When asked how long he expects it to take for blockchain to gain widespread traction, he referred to the lag between the dotcom bubble and today, when we’ve finally realized many of the dotcom era dreams: “I’m going to give it 10-15 years.”
Part of the reason for this is human adjustment to new technology. “People have to have their mindset change,” he said. “Culture and tradition, and status quo and the way things are doesn’t change that rapidly, instantly, when it’s that huge.”
His faith in blockchain appears to be mixed. But in a seeming contradiction, Woz has suggested Ethereum could be the next Apple. “Ethereum interests me because it can do things and because it’s a platform,” he said at a May tech conference in Vienna.
Woz’s view of Bitcoin as solid gold but blockchain as a bubble is the inverse of that held by Jack Ma, chairman of China’s Alibaba and its fintech affiliate Ant Financial. Last month Ma said that the “technology itself isn’t the bubble, but Bitcoin likely is.”
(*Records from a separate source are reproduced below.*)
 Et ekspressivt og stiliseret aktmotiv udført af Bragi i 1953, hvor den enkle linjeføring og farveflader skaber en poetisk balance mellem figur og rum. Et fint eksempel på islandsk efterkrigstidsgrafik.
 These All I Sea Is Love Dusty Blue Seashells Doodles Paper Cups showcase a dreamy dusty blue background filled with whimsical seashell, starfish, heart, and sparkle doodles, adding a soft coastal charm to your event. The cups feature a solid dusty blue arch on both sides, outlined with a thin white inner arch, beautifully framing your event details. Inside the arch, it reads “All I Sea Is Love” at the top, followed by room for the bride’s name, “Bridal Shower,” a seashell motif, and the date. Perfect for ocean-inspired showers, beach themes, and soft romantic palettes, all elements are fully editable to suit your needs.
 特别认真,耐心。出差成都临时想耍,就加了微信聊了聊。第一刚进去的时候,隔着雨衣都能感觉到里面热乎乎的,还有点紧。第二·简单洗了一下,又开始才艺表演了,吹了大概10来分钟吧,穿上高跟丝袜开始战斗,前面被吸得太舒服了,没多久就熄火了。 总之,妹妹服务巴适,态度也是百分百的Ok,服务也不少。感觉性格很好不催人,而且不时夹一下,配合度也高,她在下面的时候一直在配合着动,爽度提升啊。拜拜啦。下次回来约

Bubble or No, the Future Still Seems to be Blockchain
Which way is it? Is Bitcoin the bubble while blockchain is solid, as Jack Ma says, or the other way around, as Woz indicates?
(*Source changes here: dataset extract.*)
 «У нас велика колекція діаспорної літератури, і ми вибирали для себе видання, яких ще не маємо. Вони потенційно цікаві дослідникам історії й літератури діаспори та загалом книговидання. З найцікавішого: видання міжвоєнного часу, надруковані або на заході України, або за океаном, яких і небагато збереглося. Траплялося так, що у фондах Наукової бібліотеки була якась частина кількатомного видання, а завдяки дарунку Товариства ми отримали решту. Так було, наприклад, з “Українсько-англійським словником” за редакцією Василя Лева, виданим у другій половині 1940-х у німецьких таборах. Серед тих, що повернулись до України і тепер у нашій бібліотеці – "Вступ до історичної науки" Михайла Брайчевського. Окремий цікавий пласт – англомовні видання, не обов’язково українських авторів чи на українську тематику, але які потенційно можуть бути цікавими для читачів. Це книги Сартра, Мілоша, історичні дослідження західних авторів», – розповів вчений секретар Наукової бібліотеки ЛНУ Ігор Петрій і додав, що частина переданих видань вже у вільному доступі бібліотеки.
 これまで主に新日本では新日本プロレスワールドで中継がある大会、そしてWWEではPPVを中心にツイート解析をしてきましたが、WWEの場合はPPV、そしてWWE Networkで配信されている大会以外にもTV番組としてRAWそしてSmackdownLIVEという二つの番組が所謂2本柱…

Woz’s hope for Bitcoin as the pure-form currency of the future could prove misplaced if demand for it suddenly falls off. Blockchain, meanwhile, has myriad potential uses in finance, logistics, travel, even the art world. Developers and entrepreneurs are testing the mettle of this new technology with fervor and abandon. If we’ve learned from the dotcom bubble not to bet all our chips on untested technology, we can watch it develop steadily, as the internet did around the turn of the century. And even if the hype around blockchain is a bubble, Woz is probably right about the technology’s ultimate staying power.
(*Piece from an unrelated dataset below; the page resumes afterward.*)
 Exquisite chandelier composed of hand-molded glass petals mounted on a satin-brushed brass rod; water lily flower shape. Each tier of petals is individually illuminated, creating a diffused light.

To say the least, he’s seen a lot of technologies come and go. Sometimes, like the novelty laser pens of the late 1990s, new tech is just a fun experiment. But Woz’s enthusiasm for Bitcoin and measured interest in blockchain platforms like Ethereum is an indicator. A mathematically pure ledger system that governs transactions with transparency and automation holds emergent promise for the childlike optimist in any of us, much the way the Macintosh PowerBook did in 1992.
Thanks, Brian. I’m surprised how accurately you captured me in this article. By the way, Brian was one of my first class of 6 students that went so well that I continued for 8 years with full-sized classes of 20-30 students. These classes were all in the local public schools, with no press allowed.
Thanks for reading, Steve, and for your feedback!